SOFTWARE COMPLEXITY METRICS FOR HIGH-PRECISION COMPUTATIONS IN DISTRIBUTED SYSTEMS

Abstract

Modern software systems increasingly rely on numerical algorithms that require high or arbitrary precision, especially in scientific computing, numerical modeling, optimization, and data analysis. The use of high-precision arithmetic significantly affects the computational behavior of programs, since the cost of arithmetic and transcendental operations depends on the precision level of numerical data representation. In such conditions, predicting program execution time and estimating computational complexity become non-trivial tasks, particularly in distributed computing environments.

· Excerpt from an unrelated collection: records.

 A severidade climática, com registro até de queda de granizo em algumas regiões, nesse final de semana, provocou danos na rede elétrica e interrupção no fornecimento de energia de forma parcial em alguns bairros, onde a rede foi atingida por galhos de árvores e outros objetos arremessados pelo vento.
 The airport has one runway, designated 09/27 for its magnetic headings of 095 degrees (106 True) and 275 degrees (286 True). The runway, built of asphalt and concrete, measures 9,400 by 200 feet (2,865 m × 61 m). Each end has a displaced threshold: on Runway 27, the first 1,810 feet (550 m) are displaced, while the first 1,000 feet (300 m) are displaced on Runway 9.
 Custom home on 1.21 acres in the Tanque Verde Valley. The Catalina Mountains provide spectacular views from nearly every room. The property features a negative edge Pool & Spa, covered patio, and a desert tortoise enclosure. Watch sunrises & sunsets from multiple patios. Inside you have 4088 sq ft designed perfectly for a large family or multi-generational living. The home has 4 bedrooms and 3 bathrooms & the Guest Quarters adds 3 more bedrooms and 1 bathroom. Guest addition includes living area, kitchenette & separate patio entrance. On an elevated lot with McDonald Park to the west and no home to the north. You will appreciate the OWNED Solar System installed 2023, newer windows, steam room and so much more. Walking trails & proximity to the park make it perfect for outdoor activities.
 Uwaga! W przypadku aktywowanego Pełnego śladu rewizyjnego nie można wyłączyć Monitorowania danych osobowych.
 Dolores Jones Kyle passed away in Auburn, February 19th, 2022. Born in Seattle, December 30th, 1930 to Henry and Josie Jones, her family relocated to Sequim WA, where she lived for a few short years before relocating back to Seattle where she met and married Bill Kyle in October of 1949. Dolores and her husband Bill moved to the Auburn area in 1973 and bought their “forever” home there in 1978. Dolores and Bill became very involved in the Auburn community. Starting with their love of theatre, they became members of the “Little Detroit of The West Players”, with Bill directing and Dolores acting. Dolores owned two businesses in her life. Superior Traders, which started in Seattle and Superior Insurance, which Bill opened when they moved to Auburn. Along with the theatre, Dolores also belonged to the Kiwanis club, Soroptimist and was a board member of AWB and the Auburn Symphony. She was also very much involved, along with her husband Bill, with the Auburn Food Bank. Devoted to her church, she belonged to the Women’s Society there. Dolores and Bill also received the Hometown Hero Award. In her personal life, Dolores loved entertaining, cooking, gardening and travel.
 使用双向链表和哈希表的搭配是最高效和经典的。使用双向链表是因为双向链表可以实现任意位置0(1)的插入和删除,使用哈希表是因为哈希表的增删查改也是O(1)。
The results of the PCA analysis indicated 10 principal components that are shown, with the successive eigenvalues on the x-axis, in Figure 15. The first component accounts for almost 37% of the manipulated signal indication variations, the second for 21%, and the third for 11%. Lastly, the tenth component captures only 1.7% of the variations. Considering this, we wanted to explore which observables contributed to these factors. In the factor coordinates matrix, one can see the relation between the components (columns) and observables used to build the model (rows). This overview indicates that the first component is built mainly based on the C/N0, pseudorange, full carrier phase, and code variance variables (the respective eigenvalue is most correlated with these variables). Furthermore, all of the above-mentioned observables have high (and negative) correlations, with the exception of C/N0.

This paper presents an analysis of existing software complexity metrics with respect to their applicability to programs performing high-precision computations in distributed systems. Classical software metrics, including size metrics, control flow complexity metrics, and data flow complexity metrics, are considered and systematized. Their main limitations are identified in the context of high-precision arithmetic, where the assumption of constant-time arithmetic operations is no longer valid.

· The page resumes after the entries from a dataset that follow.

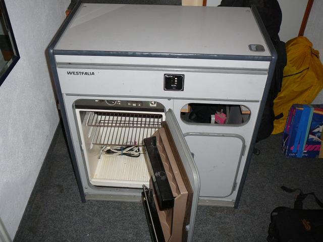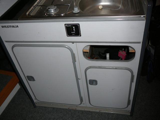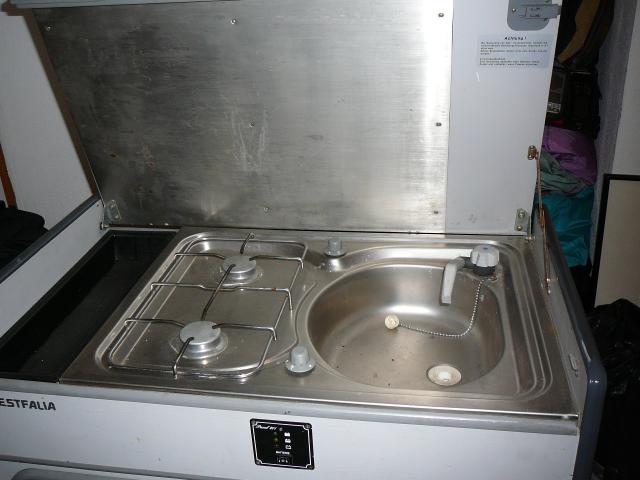 Er besteht aus einer Spüle mit Wasserhahn, ein sehr leistungsfähiger Kühlschrank der auf 220V und 12V oder Gas betrieben werden kann sowie einem 2-flammigem Herd (gas). Eine Schublade ist leider irgendwann mal abhanden gekommen (siehe Bilder). |
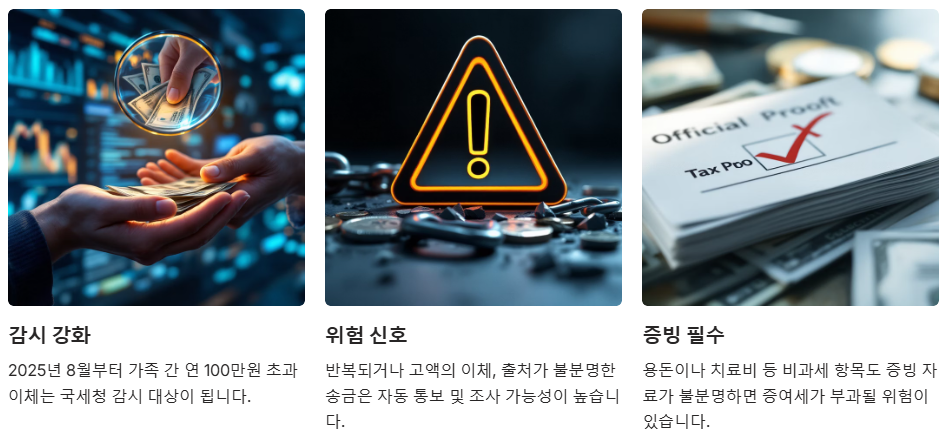 📌 가족 간 이체, 세무조사로 뒤늦게 후회하지 마세요! 한도 내 분할 이체, 명확한 기록이 필수입니다.
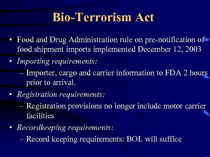 Bio-Terrorism Act • Food and Drug Administration rule on pre-notification of food shipment imports implemented December 12, 2003 • Importing requirements: – Importer, cargo and carrier information to FDA 2 hours prior to arrival. • Registration requirements: – Registration provisions no longer include motor carrier facilities • Recordkeeping requirements: – Record keeping requirements: BOL will suffice
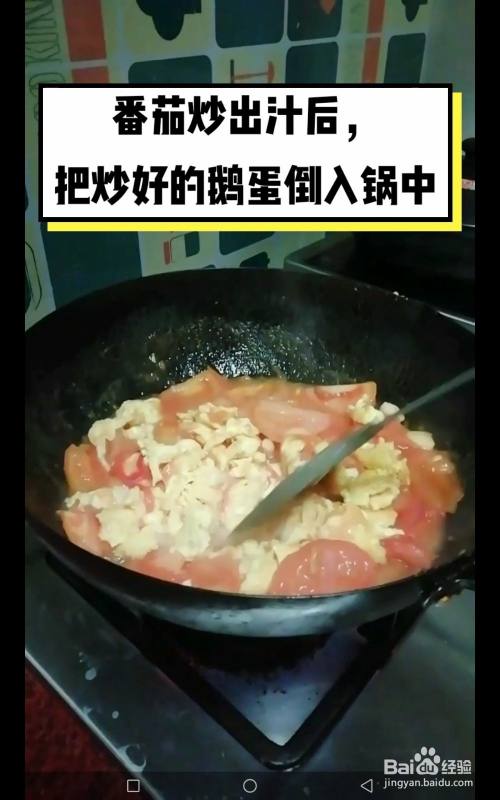 番茄里面的汁水炒出来以后,把之前炒好的鹅蛋倒回锅中
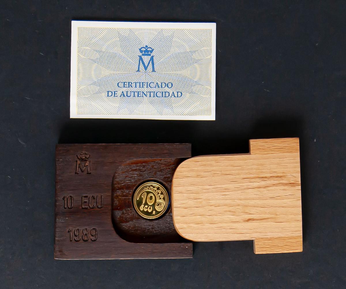 JUAN CARLOS I (1975-2014). 10 Ecu. (Au. 3,45g/16mm). 1989. FNMT. Madrid. PROOF. Incluye estuche original y certificado de autenticidad. Tirada de sólo 50 mil unidades.El importe de la liquidación de este lote irá destinado a Manos Unidas.
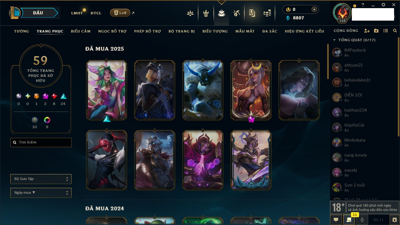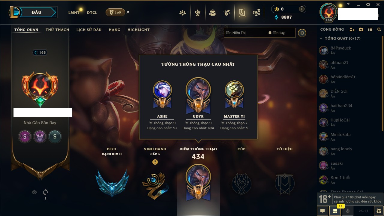 Rank Đơn: Đồng IKhung: Chưa có khungTướng: 130 - Còn 4038 THXTrang Phục: 151Rank ĐTCL: Chưa RankLinh Thú: 45
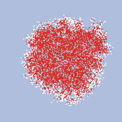 Light blue squares represent untriggered mousetraps. Red squares represent triggered mousetraps.

It is shown that classical complexity metrics do not account for the dependence of computational cost on the mantissa length of numerical variables and the actual cost of arithmetic operations. As a result, programs with relatively simple control structures but intensive high-precision computations may require significantly more computational resources than programs with complex control logic implemented using standard floating-point arithmetic.

The study substantiates the necessity of extending existing complexity evaluation approaches by incorporating parameters related to numerical precision and operation cost. The computational complexity of a program is proposed to be considered as a function of the types of arithmetic operations, their execution frequency, and the mantissa length of numerical data. Such an approach allows for a more accurate estimation of execution time and resource consumption, which is especially important for programs executed in distributed computing systems where communication overhead and data transfer costs play a significant role.

The obtained results can be used for preliminary performance estimation, rational resource allocation, and the selection of appropriate parallelization strategies for high-precision numerical software in distributed environments.